#### [BRIEF]
Extract every line between the one with "Women Cardigan Women" and the end of the entries, both included, word for word and free of pictures.

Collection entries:
● ● ● ●
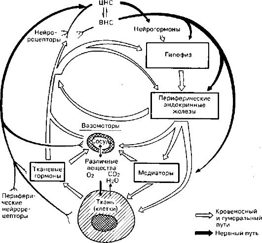 Под трофикой понимают совокупность механизмов, определяющих метаболизм и структурную организацию ткани (клетки), которые необходимы для отправления специализированной функции. Среди этих механизмов выделяют клеточные и внеклеточные (рис. 26). Клеточные механизмы обеспечиваются структурной организацией клетки и ее ауторегуляцией. Это значит, что трофика клетки в значительной мере явля-
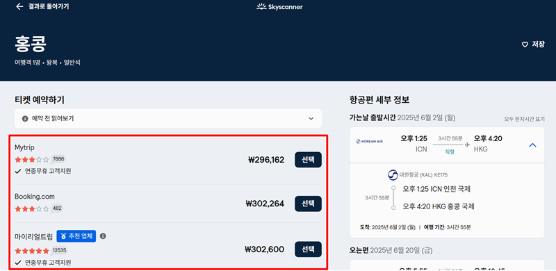 4. 마음에 드는 항공편을 고르면, 동일한 표를 판매하는 여러 여행 상품 판매처의 목록과 가격이 나타납니다. 각 판매처의 후기 등을 참고하여 가장 신뢰가 가는 곳으로 정하면 됩니다.
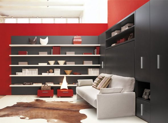 أريكة مع آلية "الأكورديون" — هذه هي قطعة الأثاث الأكثر إحكاما. في شكل تكشفت ، أنها مريحة للغاية. ومع ذلك ، فإن التحول يتطلب مساحة إضافية.
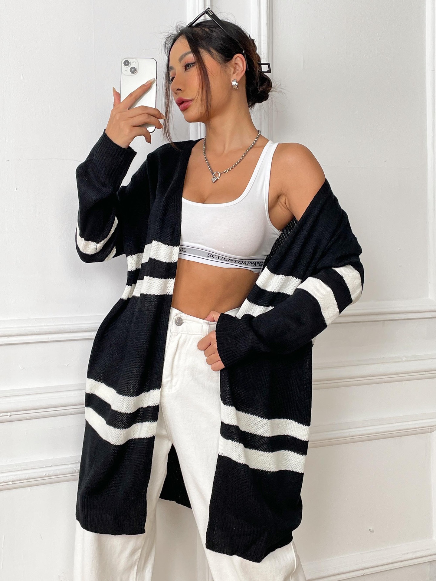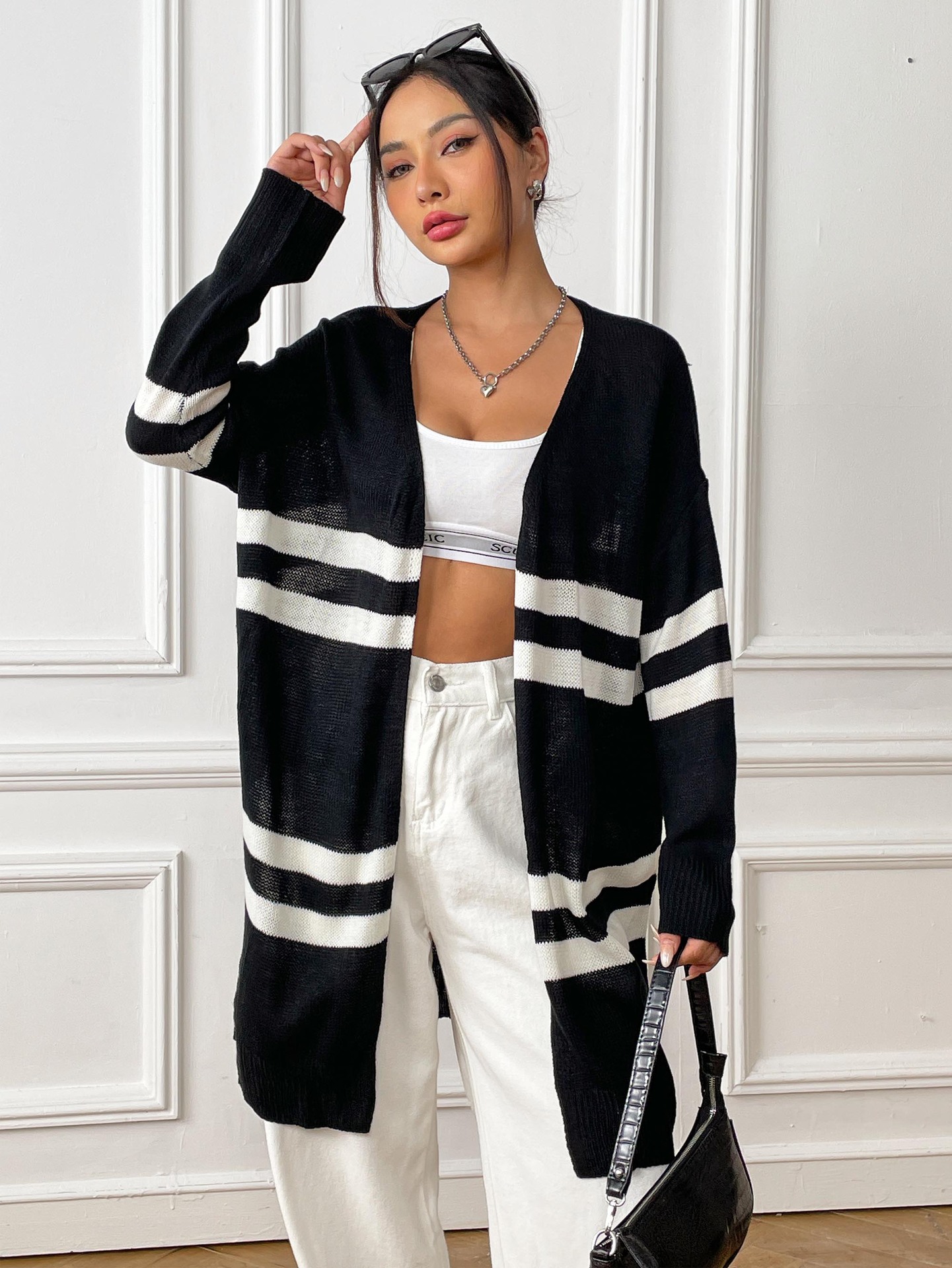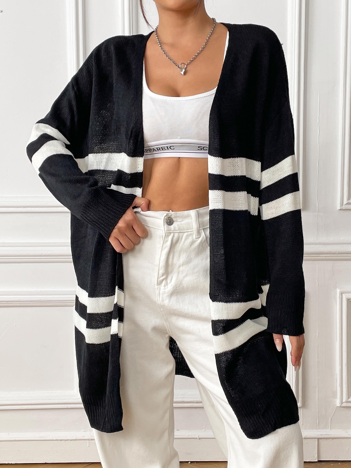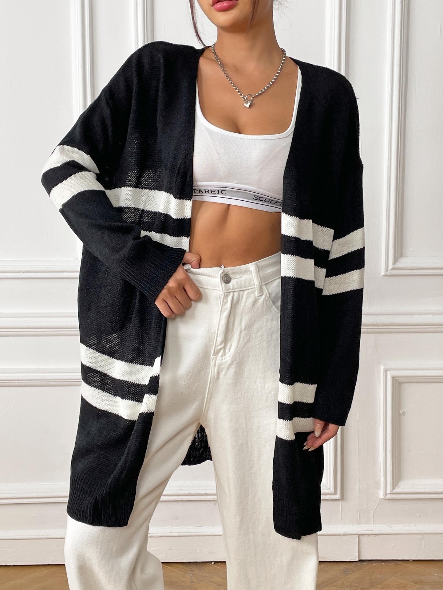 Women Cardigan Women Clothing Spring Autumn Striped Color Contrast Patchwork Woven Shirt Loose Casual Sweater Coat
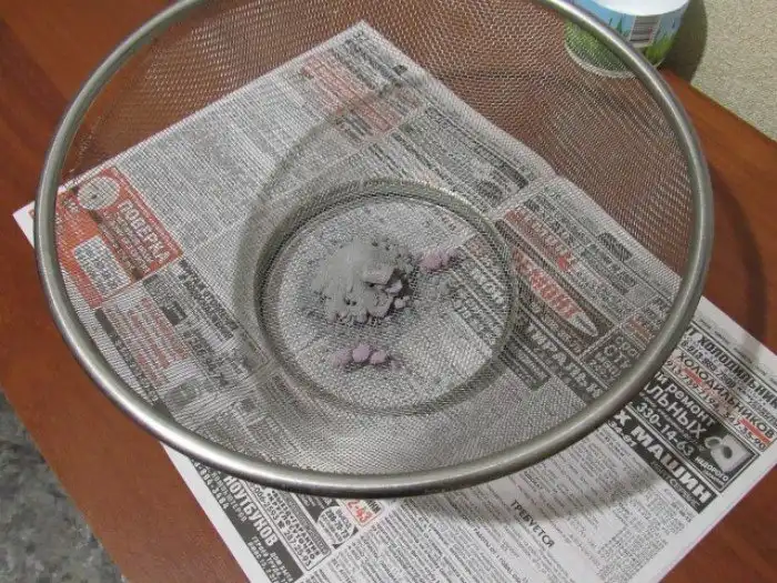 4. Просеиваем через относительно мелкую решетку, у меня это старая фритюрница, которая стала технической.
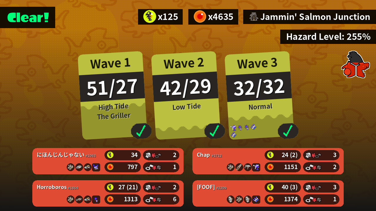 | Weapons | Grizzco Dualies Grizzco Brella Grizzco Blaster | Grizzco Stringer Grizzco Dualies Grizzco Stringer | Grizzco Dualies Grizzco Charger Grizzco Blaster | Grizzco Dualies Grizzco Splatana Grizzco Roller |
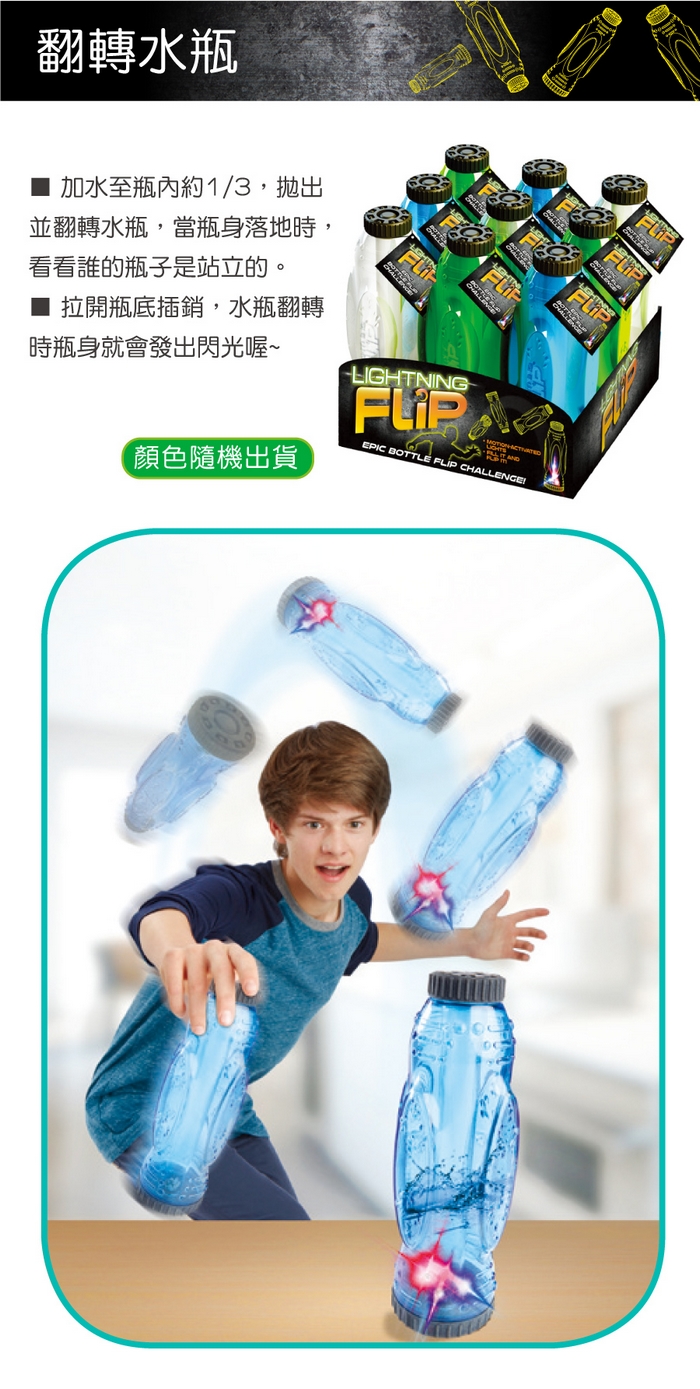 拋出並翻轉水瓶,當瓶身落地時,看看誰的瓶子是站立的!拉開瓶底插銷,
● ● ● ●
#### [OUTPUT OF THE TASK]
 Women Cardigan Women Clothing Spring Autumn Striped Color Contrast Patchwork Woven Shirt Loose Casual Sweater Coat
 4. Просеиваем через относительно мелкую решетку, у меня это старая фритюрница, которая стала технической.
 | Weapons | Grizzco Dualies Grizzco Brella Grizzco Blaster | Grizzco Stringer Grizzco Dualies Grizzco Stringer | Grizzco Dualies Grizzco Charger Grizzco Blaster | Grizzco Dualies Grizzco Splatana Grizzco Roller |
 拋出並翻轉水瓶,當瓶身落地時,看看誰的瓶子是站立的!拉開瓶底插銷,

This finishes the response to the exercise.